|
DAG-Math: Graph-Guided Mathematical Reasoning in LLMs |
Soundness: 2: fair
Presentation: 3: good
Contribution: 3: good
Rating: 6: marginally above the acceptance threshold
Confidence: 3: You are fairly confident in your assessment. It is possible that you did not understand some parts of the submission or that you are unfamiliar with some pieces of related work. Math/other details were not carefully checked. |
This paper introduces DAG-MATH, which is a framework to evaluate mathematical reasoning of LLMs through modeling Chain-of-Thought as stochastic process over directed acyclic graphs. The authors propose metric called "logical closeness" for distinguishing between when model solves problem by search versus real logical inference. They make benchmark with 2,894 gold-standard DAGs and test five LLMs, discovering that although PASS@1 scores vary much between models, their perfect reasoning rates stay quite similar, which suggests search is inflating the accuracy metrics.

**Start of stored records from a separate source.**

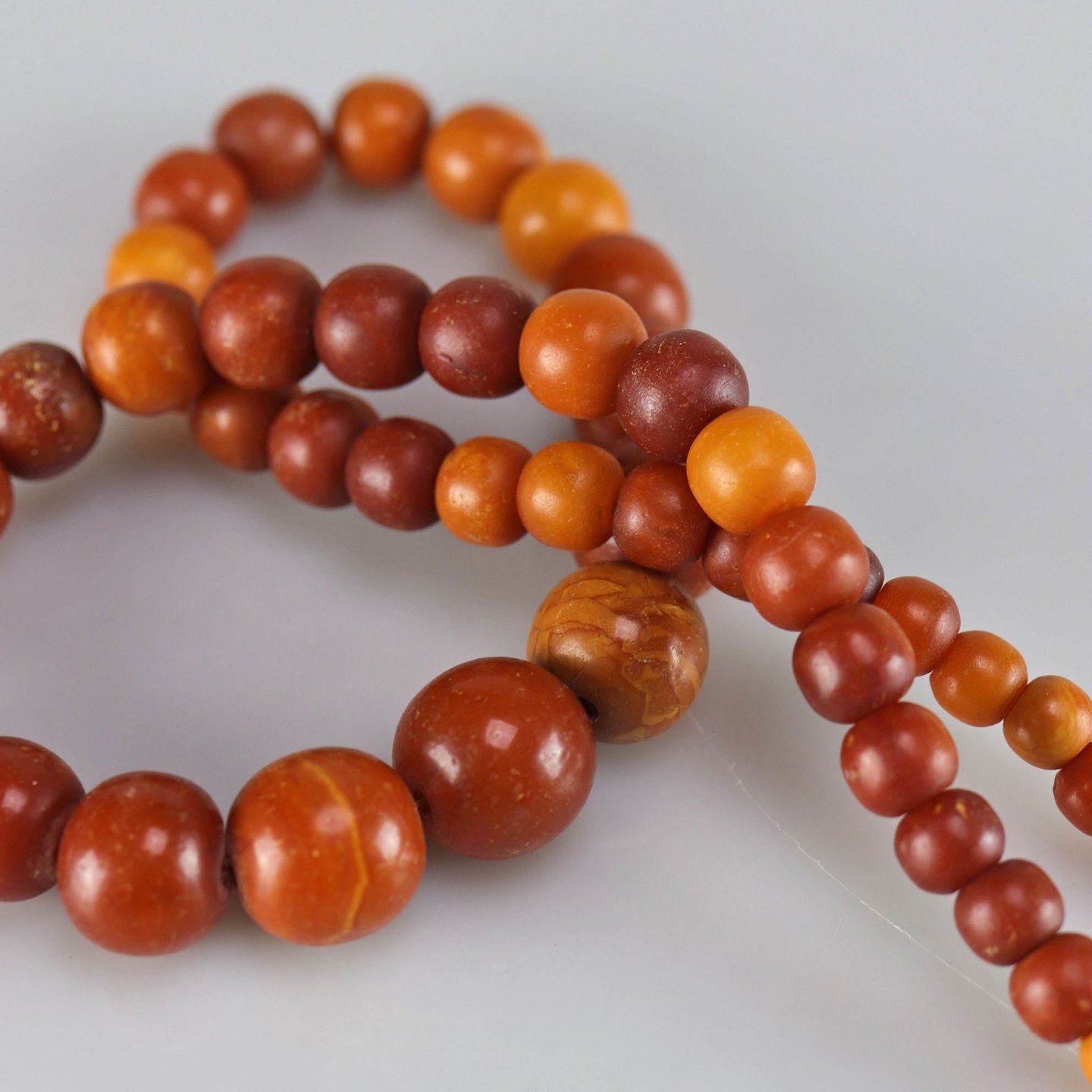 Glatslebet rav i varierende størrelser påsat kæde
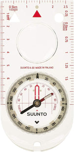 A compact, accurate compass for hiking and orienteering, also in poor visibilit. Suunto A-30 is a reliable baseplate compass for navigating and surviving in extreme conditions. The Earth’s magnetic field does not flow evenly between the magnetic poles along the surface of the planet. To compensate for the natural tilt in the magnetic field, Suunto compasses use one of two balancing systems and you should choose the variant best serving your needs. One is a two-zone system with needles balanced for either the northern or southern hemisphere. The second is a unique globally balanced system. A single needle is balanced to work anywhere in the world. This is achieved by a breakthrough construction allowing the needle and magnet to tilt independently.
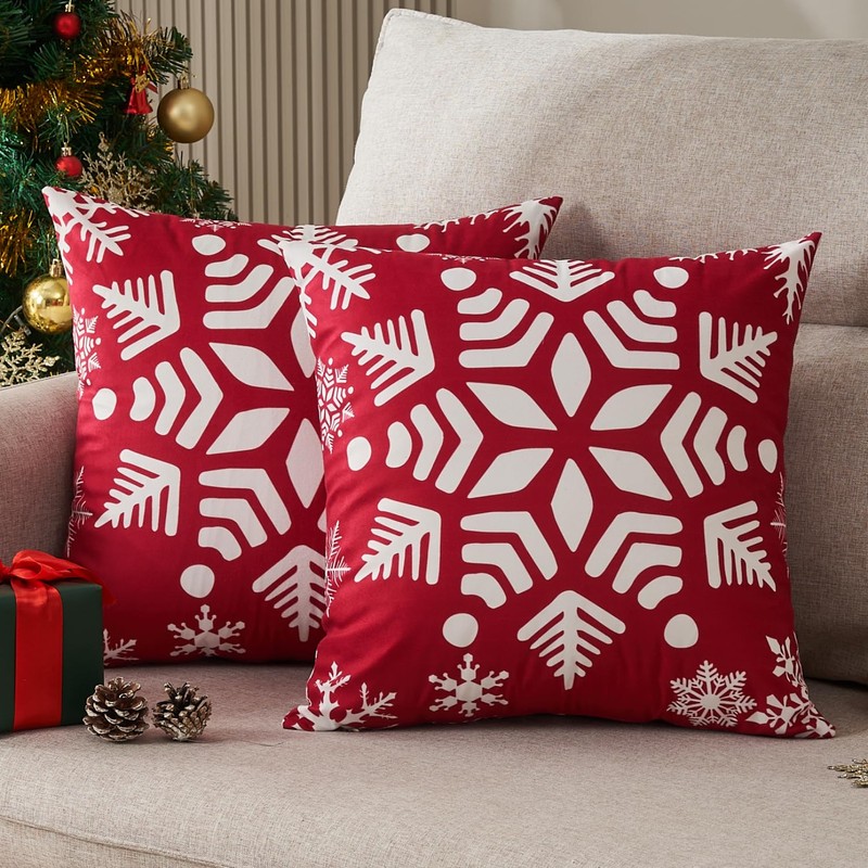DakTou Christmas Cushion Cover, 45 x 45 cm, Red Velvet Decorative Cushion Covers, Set of 2, Xmas Snowflakes Pattern, Sofa Cushion, Decorative Cushion Cover for Sofa, Bedroom, Living Room
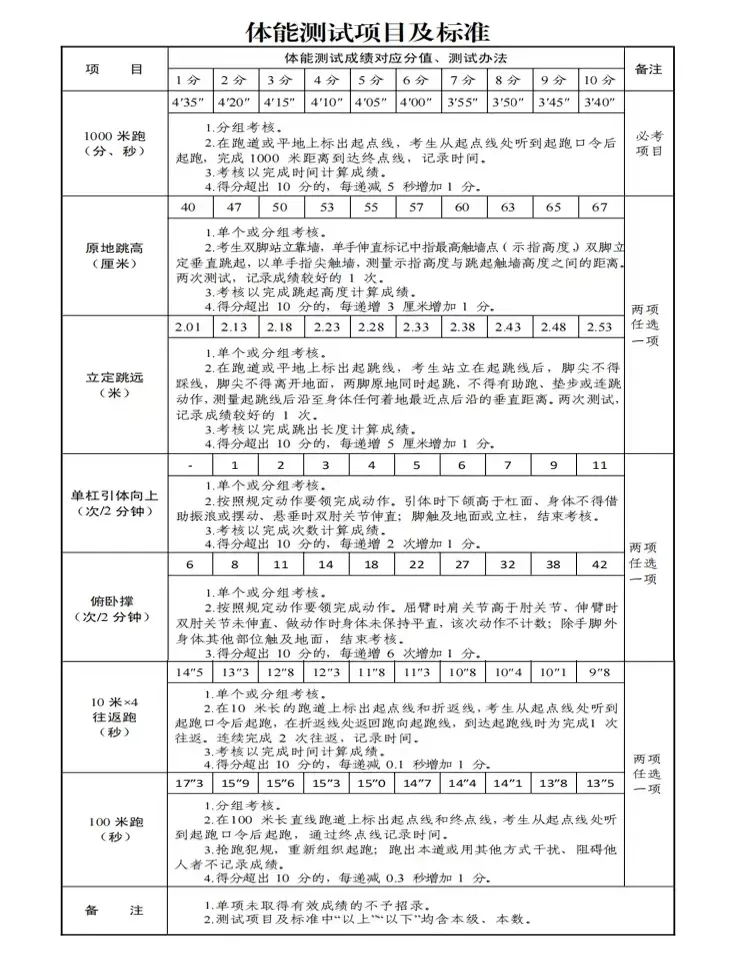 01體能、體型測試:標(biāo)準(zhǔn)參照《國家綜合性消防救援隊(duì)伍消防員招錄體能測試、崗位適應(yīng)性測試項(xiàng)目及標(biāo)準(zhǔn)》執(zhí)行。考核項(xiàng)目為:1000米跑必考項(xiàng);原地跳高、立定跳遠(yuǎn),兩項(xiàng)選一項(xiàng);單杠引體向上、俯臥撐,兩項(xiàng)選一項(xiàng);10米×4往返跑、100米跑兩項(xiàng)選一項(xiàng)。主要考察招收對象肌肉力量、肌肉耐力和爆發(fā)力等。

The paper tackles really important problem about understanding whether LLMs achieve correct answers through systematic search or through genuine logical reasoning, which is fundamental question for the field. The DAG-based formalization is quite novel approach that sits nicely between completely free-form CoT and very formal systems like LEAN verification, making it more practical to use. The logical closeness metric gives us insights that go beyond simple PASS@k metrics that everyone uses.
The empirical analysis is quite comprehensive, showing interesting patterns about how DAG statistics like number of nodes, edges, density and branching correlate with problem difficulty. It reveals that harder problems create larger and more sparse graphs with higher branching, which makes sense intuitively. The finding that search and exploration inflate PASS@1 while actual reasoning ability measured by PRR stays comparable across different models is really actionable insight that changes how we should think about evaluating these systems. Also good that authors released the benchmark and code for others to use.
There is concerning circularity in how the benchmark was constructed - using GPT-4 and Qwen to create the "gold standard" DAGs means the benchmark is essentially created by same type of models that are being evaluated, which introduces obvious biases. The theoretical justification feels not enough developed. Why should we believe this specific DAG formalization captures what "true" reasoning means? The stochastic process described in Equation 1 seems somewhat arbitrary choice without proper justification.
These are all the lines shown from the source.